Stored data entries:
+-------+

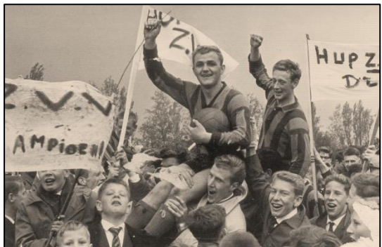
1962: ZVV viert het kampioenschap

Op 25 augustus 1900 werd de voetbalclub Hellas door een fusie met U.N.I. en de Wormerveersche Voetbal Vereniging Wormerveer onder een andere naam opnieuw aangemeld bij de N.V.B., namelijk: Zaanlandsche Voetbal Vereniging Z.V.V..
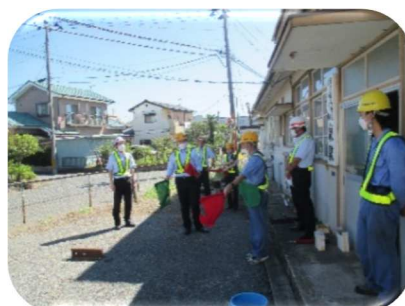
(手旗による手信号の取扱)
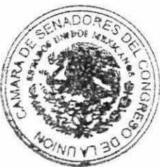
SEN. CÉSAR OCTAVIO PEDROZA GAITÁN Vicepresidente
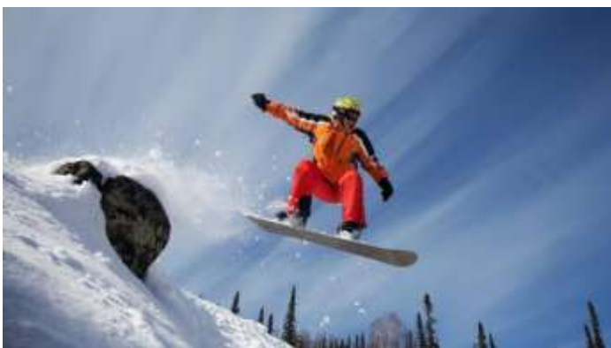
Slika 7.7.1.: Osnovni skok

Osnovni skok u freerideu izvodi se s prirodnih prepreka kao što su snijegom prekrivene stijene, veliko kamenje, grmlje i ostalo. U fazi dolaska na prepreku nalazimo se u polučučnju s težištem na stražnjoj nozi. Kada izliječemo s prepreke, koljena povlačimo prema prsima, ruke su nam paralelne s daskom, a pogled je usmjeravamo u pravcu leta. Doskačemo na stražnji dio daske s amortizacijom u koljenima. (Slika 7.7.1.)
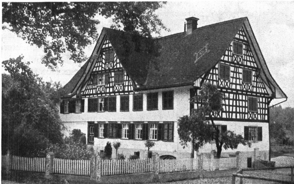
Abb. 5. Haus Lauchener in Aspenreuti, Neukirch a. d. Thur. Das Riegelwerk wurde bei der letzten Renovation wieder freigelegt. — Fig. 5. Maison Lauchener à Aspenreuti, Neukirch sur la Thur. Lors d'une rénovation récente, l'architecture en pans de bois est redevenue apparente.
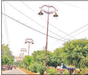
पूरनपुर में स्टेशन रोड पर लगाई गई लाइटें।

अमृत विचार : नगर पालिका पूरनपुर क्षेत्र में हुए कामों के दावे आए दिन जिम्मेदारों की ओर से किए गए। जनपद में विकास की एक अन्ठौ चमक देखने के लिए कहा जाता रहा कि पूरनपुर में देखी जा सकती है। मगर, ज़मीनी हकीकत ने स्वच्छता रैंकिंग ये धड़ाम हो गई। स्वच्छता सर्वेक्षण में नगर पालिका पूरनपुर को को प्रदेश में 722वां और राष्ट्रीय स्तर पर 1157 वां स्थान मिला है, जबकि पिछले वर्ष हुई रैंकिंग में पूरनपुर पालिका बेहतर रही थी। बता दें कि पूरनपुर नगरपालिका क्षेत्र की एक लाख से अधिक आबादी

+-------+

Task details: Show the lines of the records that include the string "Osnovni".

Task answer:
Slika 7.7.1.: Osnovni skok
Osnovni skok u freerideu izvodi se s prirodnih prepreka kao što su snijegom prekrivene stijene, veliko kamenje, grmlje i ostalo. U fazi dolaska na prepreku nalazimo se u polučučnju s težištem na stražnjoj nozi. Kada izliječemo s prepreke, koljena povlačimo prema prsima, ruke su nam paralelne s daskom, a pogled je usmjeravamo u pravcu leta. Doskačemo na stražnji dio daske s amortizacijom u koljenima. (Slika 7.7.1.)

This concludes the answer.